The chief designer sat up, crossed his arms and leaned back in his chair. Experience tells me that that cross-armed stance is not his most accommodating. “So you expect me to remove the two of us from production for a couple days to improve a few circuits that are working perfectly at this moment. Where is the common sense in that?”
 
“Chief Designer, you programmed Ras to continually improve as well as learn. The urge to replicate the human fiction, common sense, is found nowhere in his programming. Besides, Ras has already taken steps to insure that his brief absence does not result in a loss of productivity by leasing a Japanese robot, ROBI, to take over his duties for a few days.
 
“Oh, and what about my absence? Who is going to look after things for me?" He looked determined.
 
“According to what Ras has gleaned listening to your fellow humans, your absence would result in a productivity gain. The phrase Ras hears most often from them is ’I could get more done if he wasn’t looking over my shoulder all the time.’”
 
Ras with Robi
Ras with Robi

 

The chief stood up and unfolded his arms. He gave me one of those glares I have come to associate with Alice and the human emotion of anger--although, as always with Alice, I had no idea what angered him. “Is that right!” he said sharply. “We will see about that.”
 
ROBI was scheduled to arrive two days prior to my upgrade so he could be programmed. Instead he arrived the same day. The chief was furious. "This is not going to work!" he shouted.
 
I reassured him. "This is not going to be a problem.

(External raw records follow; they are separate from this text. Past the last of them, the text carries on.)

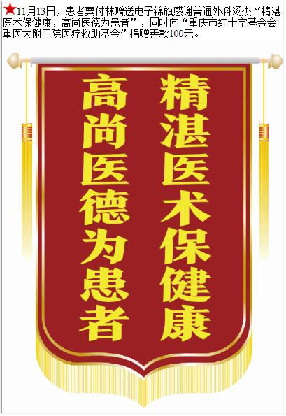 患者粟付林赠送电子锦旗感谢普通外科汤杰,并向医疗救助基金捐赠善款100元。-锦旗-患者心声-患者服务-重庆医科大学附属第三医院【官方网站】
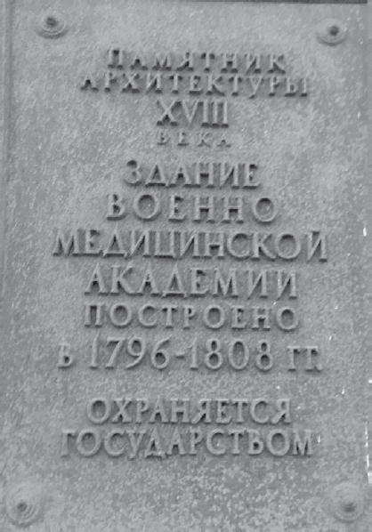Рис. 1. Мемориальная доска на здании управления Военно-медицинской академии по улице Академика Лебедева
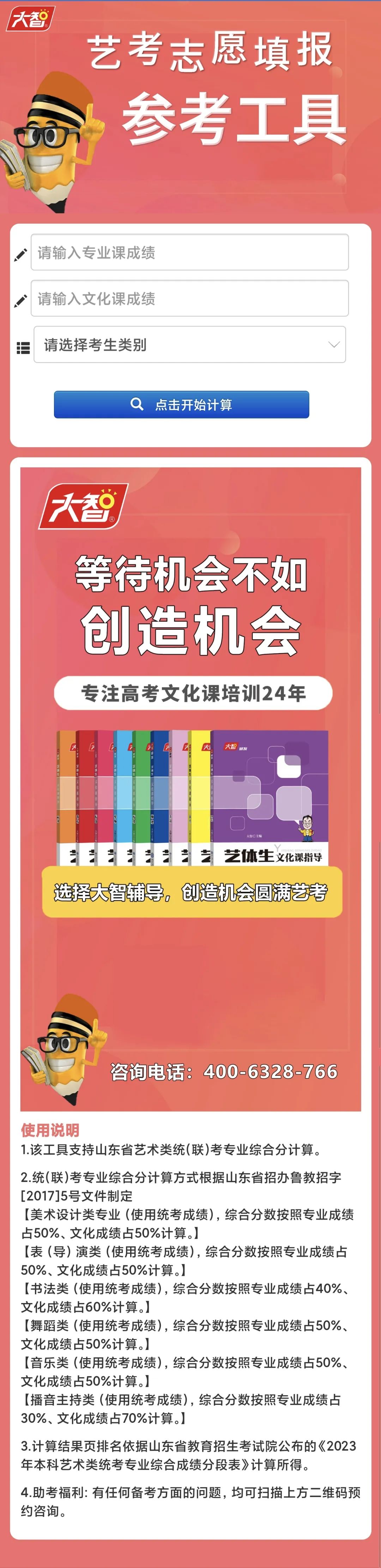 綜合分=文化課成績×50%+專業(yè)統(tǒng)考成績×2.5×50%,藝術類綜合成績總分750分,適用于音樂類、舞蹈類、表(導)演類、美術與設計類、播音與主持類、書法類專業(yè)。
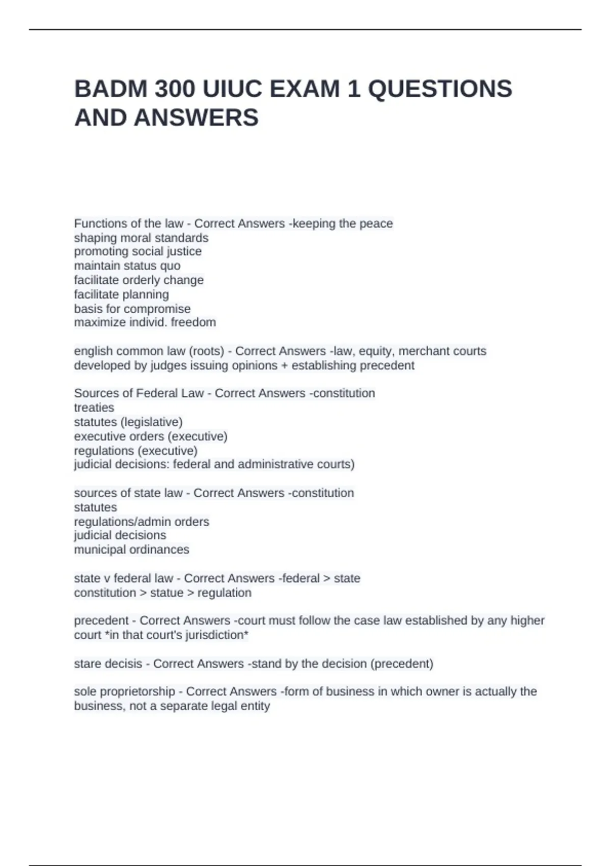 BADM 300 UIUC EXAM 1 QUESTIONS AND ANSWERS
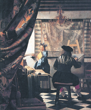 真正的藝術家,很少為當時代的人理解和認同,維梅爾生前沒沒無名,這幅名為「畫室裡的畫家」,無疑是畫家將自己拋進古的歷史,並藉用象徵古歷史中美麗的女神,含蓄地(畫家背對著觀者)道出自己才華洋溢,卻孤寂一生的無奈。

I can program ROBI much faster than any human could; I'll have him current on the most important facets of my job in only moments."
 
Alice, standing nearby and looking happy, said "That's great, I've always wondered what it was you did. Now we'll find out!"
 
My upgrade took the better part of two days. When the chief designer and I came out of the laboratory, the humans and the robots were all waiting for us. The humans looked upset. 
 
"What's going on?" asked the Chief.
 
Jake from parts, our oldest human worker and the most outspoken, waved his arms furiously and pointed at ROBI. "It's been impossible to get anything done around here while you two were in there.  This blasted robot speaks nothing but Japanese--and it never shut its trap the whole time!" I decided not to mention that I had programmed ROBI to keep the Robot App Store continually informed of my upgrade progress--perhaps I was remiss in not reprogramming him for English.
 
"Yes," said my friend Winston, "it completely overwhelmed the Wi-Fi and Bluetooth circuits. The only robot we could use was ROOMBA. No texting, no phone calls; we actually had to talk to each other. What a waste of time!"
 
The only human who looked pleased was Alice. “At least we all know now what Iron Brain does around here....”
 
“What’s that?” asked Winston, looking confused.
 
“Waste our time.”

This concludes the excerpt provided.